▸ **MATERIAL FOR THE TASK**:
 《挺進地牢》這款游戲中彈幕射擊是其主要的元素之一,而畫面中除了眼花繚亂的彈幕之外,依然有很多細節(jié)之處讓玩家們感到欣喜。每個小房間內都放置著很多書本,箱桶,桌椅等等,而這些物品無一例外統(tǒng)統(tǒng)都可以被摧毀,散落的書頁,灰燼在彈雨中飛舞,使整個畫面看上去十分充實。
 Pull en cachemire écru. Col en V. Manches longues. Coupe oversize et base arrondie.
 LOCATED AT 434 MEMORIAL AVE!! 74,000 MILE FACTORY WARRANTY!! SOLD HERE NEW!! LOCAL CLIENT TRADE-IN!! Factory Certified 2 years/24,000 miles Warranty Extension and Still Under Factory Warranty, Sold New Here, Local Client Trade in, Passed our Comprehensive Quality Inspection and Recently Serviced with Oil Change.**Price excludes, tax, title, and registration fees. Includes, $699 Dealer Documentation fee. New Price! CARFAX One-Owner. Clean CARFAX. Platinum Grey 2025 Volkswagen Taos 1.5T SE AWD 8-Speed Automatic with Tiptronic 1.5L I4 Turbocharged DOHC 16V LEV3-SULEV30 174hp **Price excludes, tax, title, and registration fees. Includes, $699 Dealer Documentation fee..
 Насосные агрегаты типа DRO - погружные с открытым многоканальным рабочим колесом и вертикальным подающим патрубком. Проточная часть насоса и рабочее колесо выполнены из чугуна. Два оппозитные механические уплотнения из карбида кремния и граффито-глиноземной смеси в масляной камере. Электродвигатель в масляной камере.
---
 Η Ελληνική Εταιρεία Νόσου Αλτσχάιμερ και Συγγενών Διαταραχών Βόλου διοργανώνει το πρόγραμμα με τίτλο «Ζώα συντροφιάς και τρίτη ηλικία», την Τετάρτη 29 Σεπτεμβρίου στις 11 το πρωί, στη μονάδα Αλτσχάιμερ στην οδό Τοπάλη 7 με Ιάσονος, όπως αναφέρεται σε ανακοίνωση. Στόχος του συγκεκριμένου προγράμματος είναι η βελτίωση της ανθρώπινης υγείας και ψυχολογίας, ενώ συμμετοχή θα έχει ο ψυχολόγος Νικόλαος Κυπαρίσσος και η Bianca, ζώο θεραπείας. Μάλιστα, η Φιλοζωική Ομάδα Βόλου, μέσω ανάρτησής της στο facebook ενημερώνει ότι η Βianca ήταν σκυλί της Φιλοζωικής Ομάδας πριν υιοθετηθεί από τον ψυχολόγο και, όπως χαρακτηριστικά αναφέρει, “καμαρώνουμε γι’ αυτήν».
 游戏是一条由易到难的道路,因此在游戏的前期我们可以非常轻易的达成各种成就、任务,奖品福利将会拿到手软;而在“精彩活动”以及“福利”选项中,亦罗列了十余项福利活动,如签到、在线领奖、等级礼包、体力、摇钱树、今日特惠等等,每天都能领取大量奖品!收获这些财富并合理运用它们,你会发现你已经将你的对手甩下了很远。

▸ **YOUR OBJECTIVE**: Extract from the listing above the lines between the line containing "Η Ελληνική Εταιρεία" and the line containing "游戏是一条由易到难的道路,因", keeping both of those lines. Output nothing else.

▸ **RESULT OF THE EXERCISE**:
 Η Ελληνική Εταιρεία Νόσου Αλτσχάιμερ και Συγγενών Διαταραχών Βόλου διοργανώνει το πρόγραμμα με τίτλο «Ζώα συντροφιάς και τρίτη ηλικία», την Τετάρτη 29 Σεπτεμβρίου στις 11 το πρωί, στη μονάδα Αλτσχάιμερ στην οδό Τοπάλη 7 με Ιάσονος, όπως αναφέρεται σε ανακοίνωση. Στόχος του συγκεκριμένου προγράμματος είναι η βελτίωση της ανθρώπινης υγείας και ψυχολογίας, ενώ συμμετοχή θα έχει ο ψυχολόγος Νικόλαος Κυπαρίσσος και η Bianca, ζώο θεραπείας. Μάλιστα, η Φιλοζωική Ομάδα Βόλου, μέσω ανάρτησής της στο facebook ενημερώνει ότι η Βianca ήταν σκυλί της Φιλοζωικής Ομάδας πριν υιοθετηθεί από τον ψυχολόγο και, όπως χαρακτηριστικά αναφέρει, “καμαρώνουμε γι’ αυτήν».
 游戏是一条由易到难的道路,因此在游戏的前期我们可以非常轻易的达成各种成就、任务,奖品福利将会拿到手软;而在“精彩活动”以及“福利”选项中,亦罗列了十余项福利活动,如签到、在线领奖、等级礼包、体力、摇钱树、今日特惠等等,每天都能领取大量奖品!收获这些财富并合理运用它们,你会发现你已经将你的对手甩下了很远。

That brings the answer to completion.